MaskGaussian: Adaptive 3D Gaussian Representation from Probabilistic Masks

Yifei Liu1,2, Zhihang Zhong1, Yifan Zhan1,3, Sheng Xu2, Xiao Sun1,
1 Shanghai Artificial Intelligence Laboratory, 2 Beihang University, 3 The University of Tokyo,
Paper Code

TL;DR: We introduce MaskGaussian, which probabilistically samples Gaussians and prunes them through gradients from both used and masked Gaussians. We embed masks into just 2 lines of CUDA forward code to make masked-out Gaussian's sampling probability trainable, preventing suboptimal pruning decisions from degenerated optimization state which loses scene details.

Ours
PSNR: 31.54
# GS (M): 0.51
FPS: 435.0
3DGS [Kerbl 2023]
PSNR: 31.54
# GS (M): 1.75
FPS: 195.1
Ours
PSNR: 27.34
# GS (M): 2.13
FPS: 227.2
Compact 3DGS [Lee 2024]
PSNR: 27.06
# GS (M): 2.46
FPS: 178.4

Left: Compared with 3DGS, MaskGaussian can reduce the number of Gaussian points without compromising the reconstruction quality. Right: MaskGaussian can use fewer Gaussians to better restore the "details" of the vines.



Abstract

While 3D Gaussian Splatting (3DGS) has demonstrated remarkable performance in novel view synthesis and real-time rendering, the high memory consumption due to the use of millions of Gaussians limits its practicality. To mitigate this issue, improvements have been made by pruning unnecessary Gaussians, either through a hand-crafted criterion or by using learned masks. However, these methods deterministically remove Gaussians based on a snapshot of the pruning moment, leading to sub-optimized reconstruction performance from a long-term perspective. To address this issue, we introduce MaskGaussian, which models Gaussians as probabilistic entities rather than permanently removing them, and utilize them according to their probability of existence. To achieve this, we propose a masked-rasterization technique that enables unused yet probabilistically existing Gaussians to receive gradients, allowing for dynamic assessment of their contribution to the evolving scene and adjustment of their probability of existence. Hence, the importance of Gaussians iteratively changes and the pruned Gaussians are selected diversely. Extensive experiments demonstrate the superiority of the proposed method in achieving better rendering quality with fewer Gaussians than previous pruning methods, pruning over 60% of Gaussians on average with only a 0.02 PSNR decline.



Method Overview

Overview of MaskGaussian: We illustrate our pipeline with five Gaussians, G1 through G5, where G2 and G5 are not sampled and masked. First, all Gaussians are splatted in the standard manner, and differentiable masks are sampled from their existence distributions. For each query pixel, a splat Gi has αi computed from normal attributes (center, scale, rotation). Splats with zero αi are filtered out, and the remaining splats and their masks are passed into the masked-rasterization. We apply the masks in two places: the transmittance evolution for Ti and the color rendering for ci. A masked splat Gi (e.g., i=2 in this figure) does not receive a gradient for αi, and thus does not update its normal attributes, but it receives a gradient for mask mi and updates its existence probability.



Results

Main results on Mip-Nerf360, Tanks & Temples, and Deep Blending.
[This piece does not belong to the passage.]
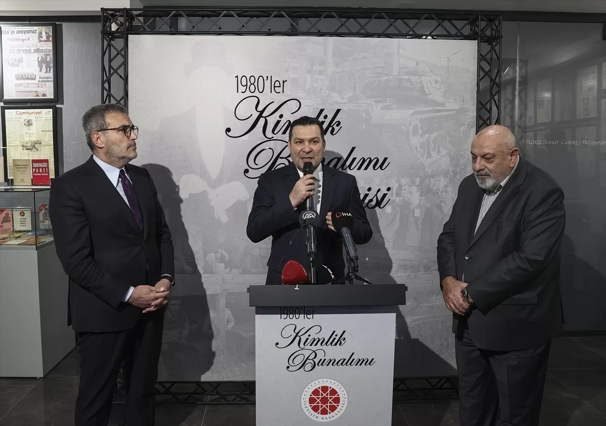 ANKARA (AA) – Cumhurbaşkanlığı İletişim Başkanlığının katkılarıyla Ankara Kültür Sanat ve Medeniyet Derneği Başkanı Eyüp Gökhan Özekin tarafından hazırlanan "1980'ler Kimlik Bunalımı" sergisi ziyarete açıldı.

Training Progress Comparison

Compared to Compact3DGS, MaskGaussian progressively prunes more Gaussians, leading to faster training and lower GPU memory requirements, while retainning higher reconstruction quality.


Peak GPU Memory Cost:

Also Supports Finetuning

Although not specifically designed for post-training, MaskGaussian can be used for finetuning an already existing Gaussian scene. You can use it as a drop-in replacement for LightGaussian — you can use it with exactly the same commands, no modifications needed. Try it out with the code here!


Can be seamlessly integrated into SOTA training pipelines

Our method can in theory prune Gaussians for any SOTA 3DGS-pipeline. For example, we add MaskGaussian on Taming-3DGS and show that it has better efficiency than directly controlling its targeting budget.